So, how does genuine inclusion and ditching behaviourism and coercion address any of this heaving pile of toxic trauma? Isn’t that going to add to the budget and the teachers’ workload? Isn’t it going to mean bad behaviour will increase? The answer is NO.

Research into schools that have used trauma-informed behaviour management – where the stress and the stressors are addressed instead of the behaviour – has shown an 80% decrease in behavioural issues, including suspensions and exclusions. This 80% represents a significant number of students lives and futures saved. Handling behavioural issues currently take up a considerable amount of time, both inside and outside the classroom. Not to mention the money wasted in supporting current punitive measures.

At the moment, we have performative inclusion based around student support documents that take a lot of time and money to produce. And a lot of time and money spent by schools fighting them to avoid ongoing perceived costs of accommodation.

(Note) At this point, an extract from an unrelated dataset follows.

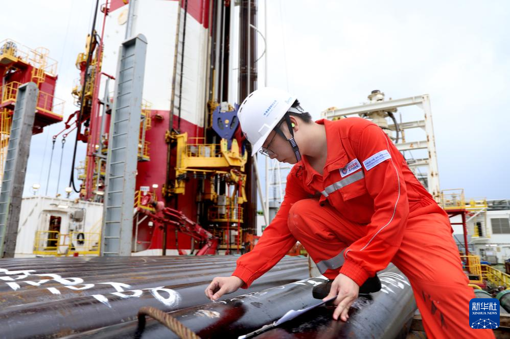 作业人员在开平南油田“深蓝探索”钻井平台上测量套管(2023年9月12日摄)。新华社发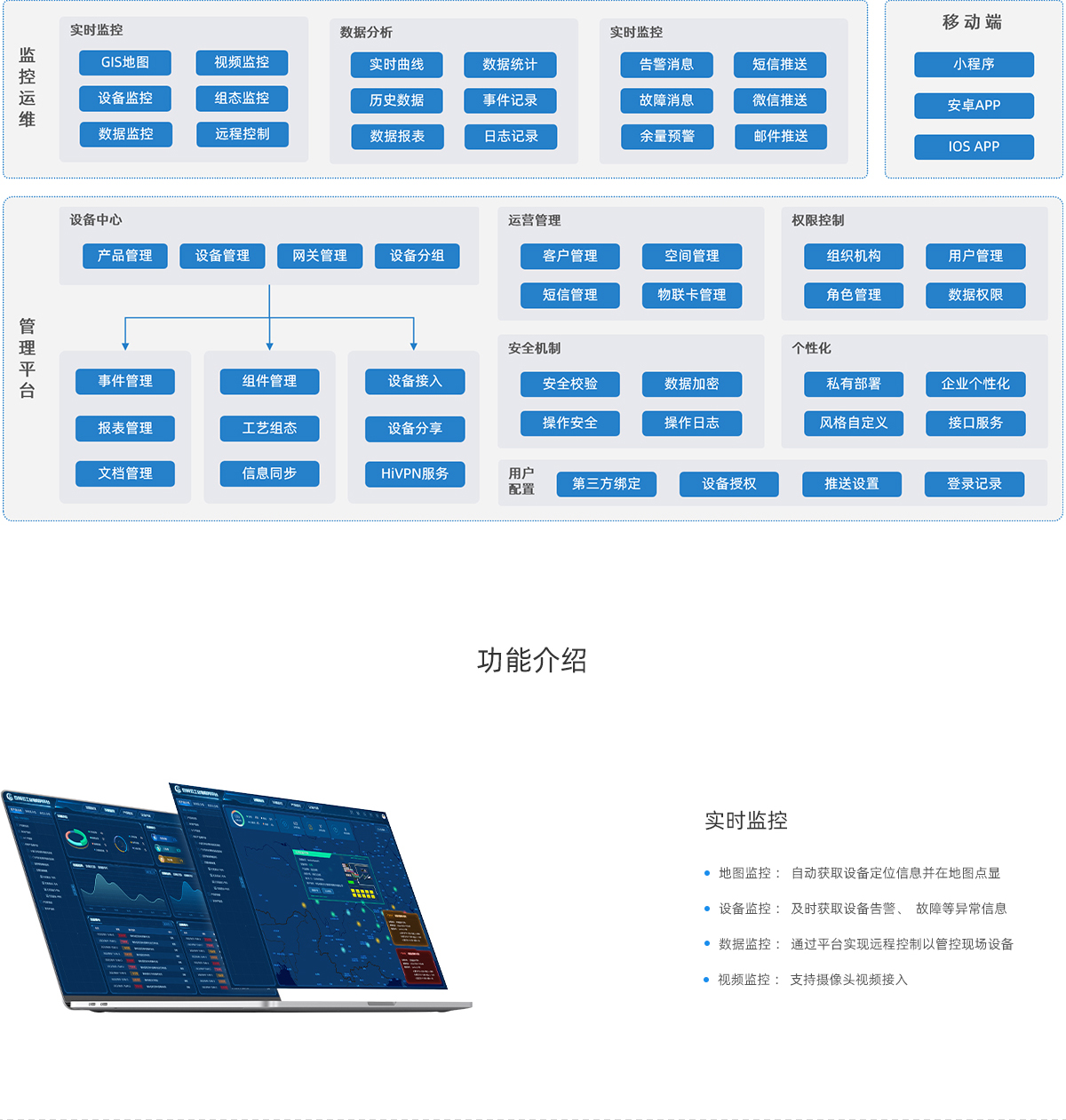 1.1 實時監控 GIS地圖:設備定位信息可自動獲取。 設備監控:及時獲取設備告警、故障等異常信息。 數據監控:還可進行遠程控制以管控現場設備。 視頻監控:支持攝像頭視頻接入。

If we stopped using the paradigm that there is one ‘proper’ neurology of neurotypical and all other neurologies are defective versions that need fixing, then a whole new route opens up.

Universal design becomes the norm, and accommodations are naturally in place from day one. Movement breaks are included in lessons that help calm Panic Monkey and Dino Brain and boost processing capacity. Wiggle boards are available for chairs. Stim toys can be used by all students. All children are given the autonomy to listen to instructions in whichever way they can focus best. Group interactions are properly facilitated and supported, understanding that different communication styles need to be accommodated. Also, understanding that group work can cause anxiety and overwhelm for a lot of students and knowing how to manage that. A safe retreat area is available in each classroom that ANY child can use if they are feeling overwhelmed.

Hours on tickbox ‘differentiation’, that makes no real impact, is removed. Money and time on support documents are removed – the parent identifies the accommodations needed for their child – and they are believed. Students don’t have to wait until they are completely broken before the school acknowledges they need support. Hours of therapy isn’t needed to repair the damage caused by the schools insisting on waiting – or refusing to accommodate, full stop.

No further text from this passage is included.